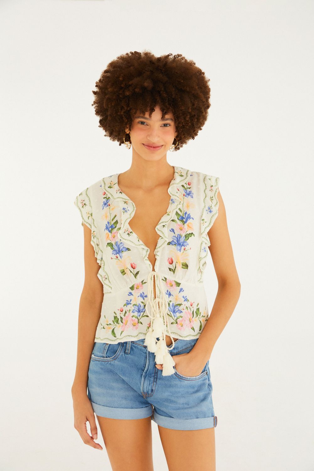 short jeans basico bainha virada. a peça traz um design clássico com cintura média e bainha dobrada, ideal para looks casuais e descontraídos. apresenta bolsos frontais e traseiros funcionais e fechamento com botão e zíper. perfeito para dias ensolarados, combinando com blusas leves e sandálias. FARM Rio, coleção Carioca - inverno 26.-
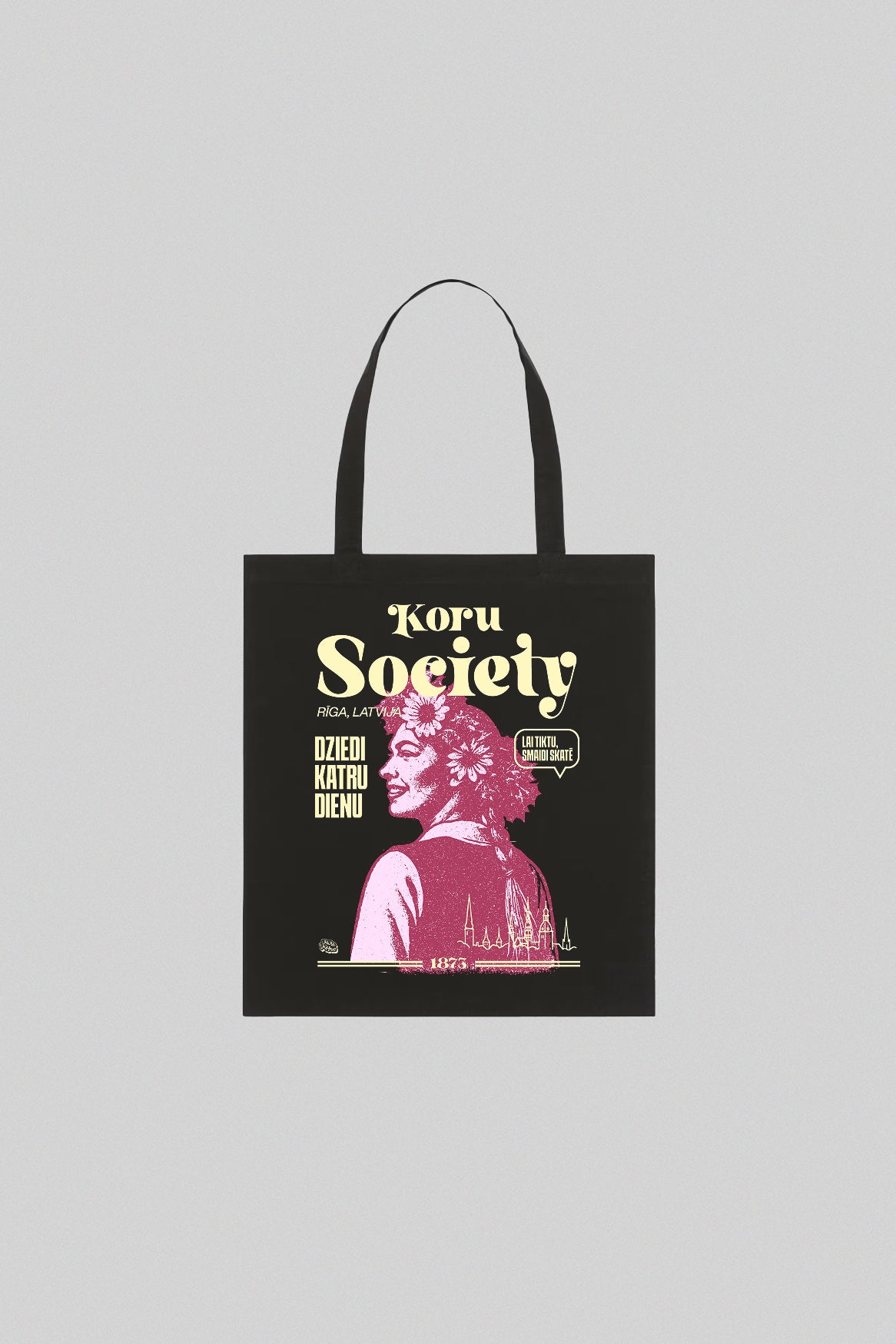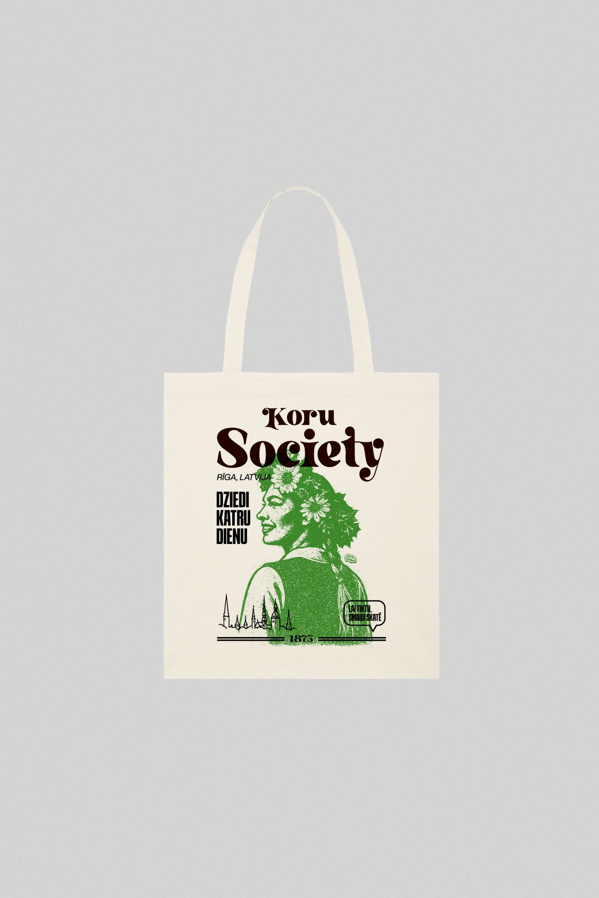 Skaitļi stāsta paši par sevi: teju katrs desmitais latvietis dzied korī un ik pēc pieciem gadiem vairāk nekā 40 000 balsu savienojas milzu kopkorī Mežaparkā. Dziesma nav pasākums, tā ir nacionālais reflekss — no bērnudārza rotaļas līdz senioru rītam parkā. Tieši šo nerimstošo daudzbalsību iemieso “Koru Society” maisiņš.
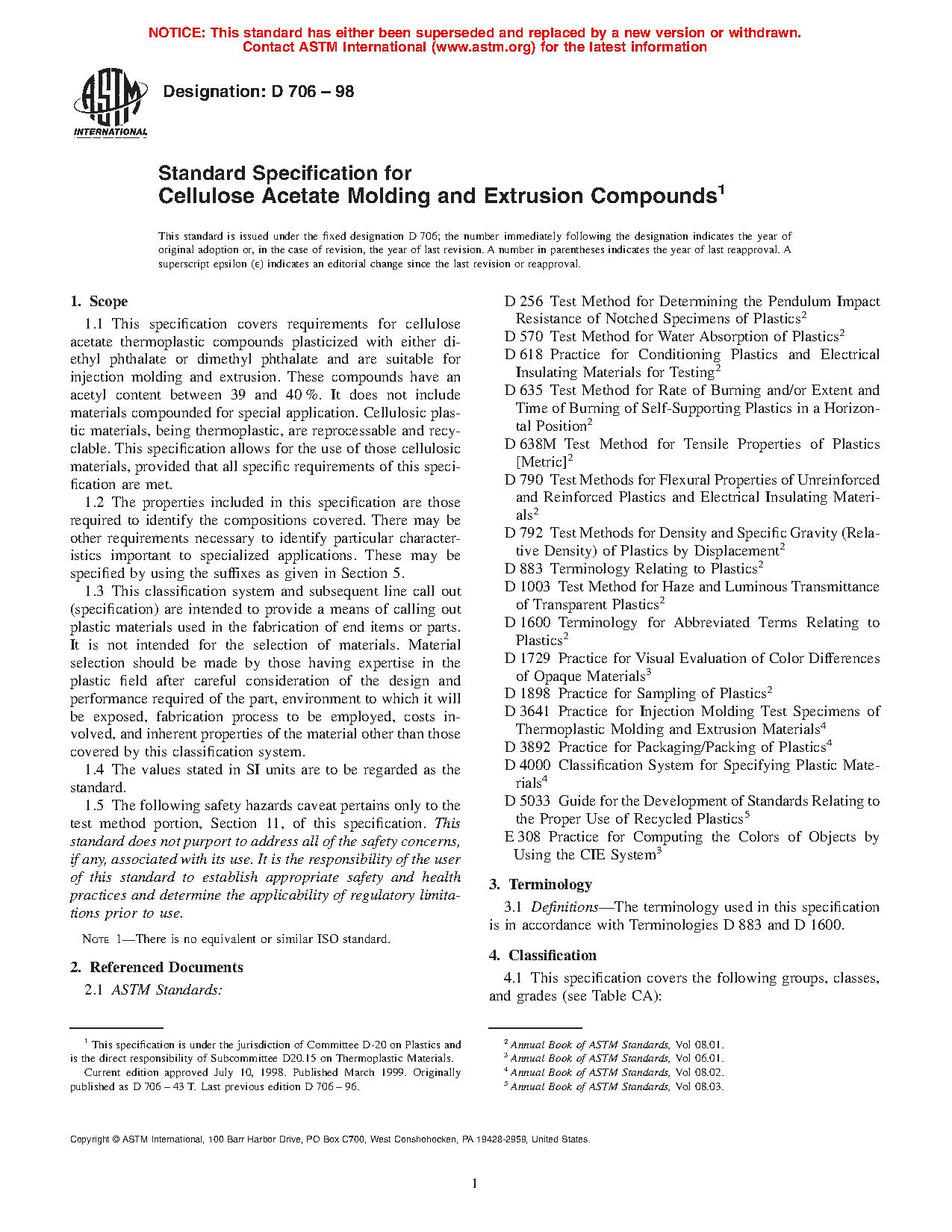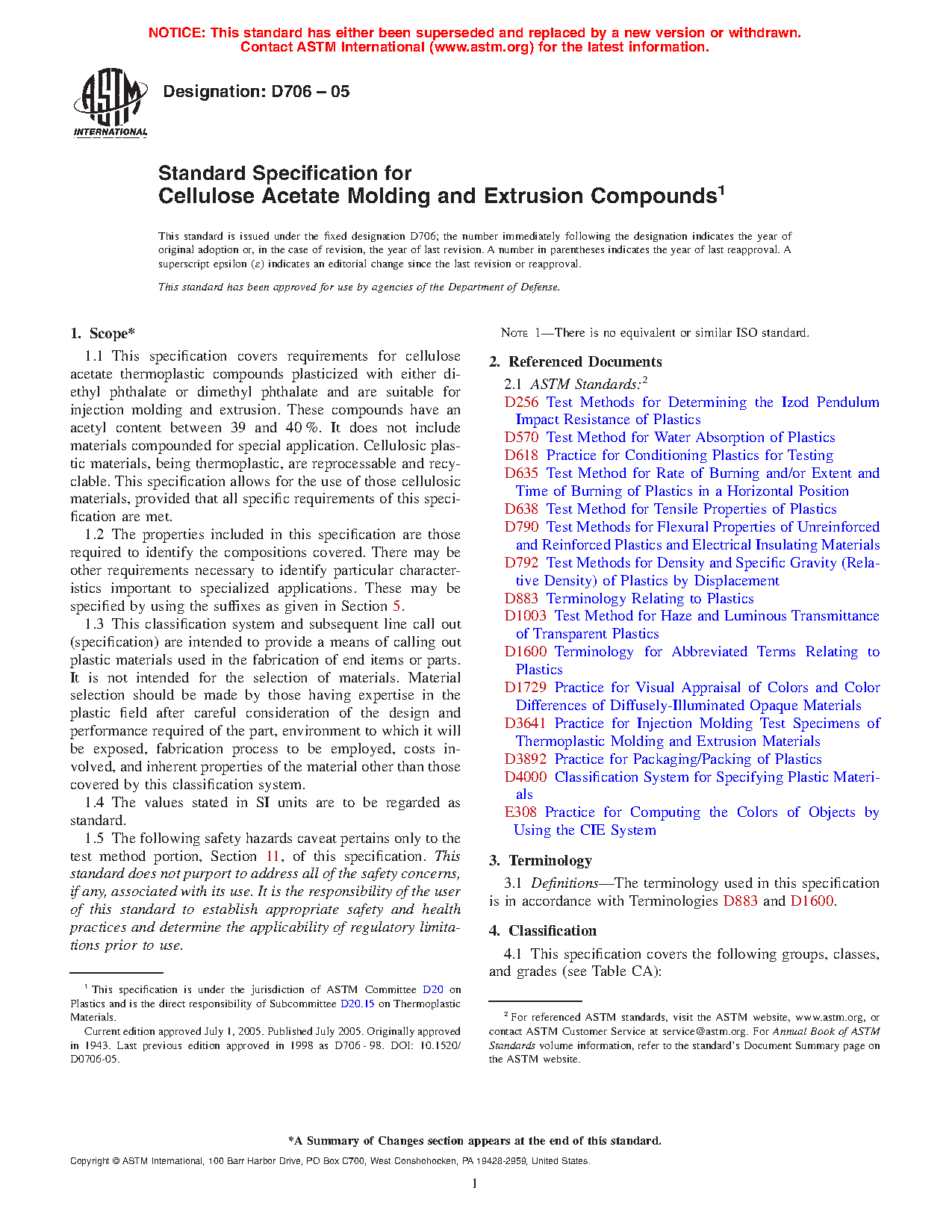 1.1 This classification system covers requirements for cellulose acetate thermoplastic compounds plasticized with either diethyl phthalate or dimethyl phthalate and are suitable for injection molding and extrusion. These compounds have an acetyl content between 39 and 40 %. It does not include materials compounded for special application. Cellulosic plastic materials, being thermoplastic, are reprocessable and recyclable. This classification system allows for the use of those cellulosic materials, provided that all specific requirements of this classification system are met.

:: WHAT YOU HAVE TO DO ::
Reproduce the listing exactly, but omit every picture in it.

:: TASK SOLUTION ::
 short jeans basico bainha virada. a peça traz um design clássico com cintura média e bainha dobrada, ideal para looks casuais e descontraídos. apresenta bolsos frontais e traseiros funcionais e fechamento com botão e zíper. perfeito para dias ensolarados, combinando com blusas leves e sandálias. FARM Rio, coleção Carioca - inverno 26.-
 Skaitļi stāsta paši par sevi: teju katrs desmitais latvietis dzied korī un ik pēc pieciem gadiem vairāk nekā 40 000 balsu savienojas milzu kopkorī Mežaparkā. Dziesma nav pasākums, tā ir nacionālais reflekss — no bērnudārza rotaļas līdz senioru rītam parkā. Tieši šo nerimstošo daudzbalsību iemieso “Koru Society” maisiņš.
 1.1 This classification system covers requirements for cellulose acetate thermoplastic compounds plasticized with either diethyl phthalate or dimethyl phthalate and are suitable for injection molding and extrusion. These compounds have an acetyl content between 39 and 40 %. It does not include materials compounded for special application. Cellulosic plastic materials, being thermoplastic, are reprocessable and recyclable. This classification system allows for the use of those cellulosic materials, provided that all specific requirements of this classification system are met.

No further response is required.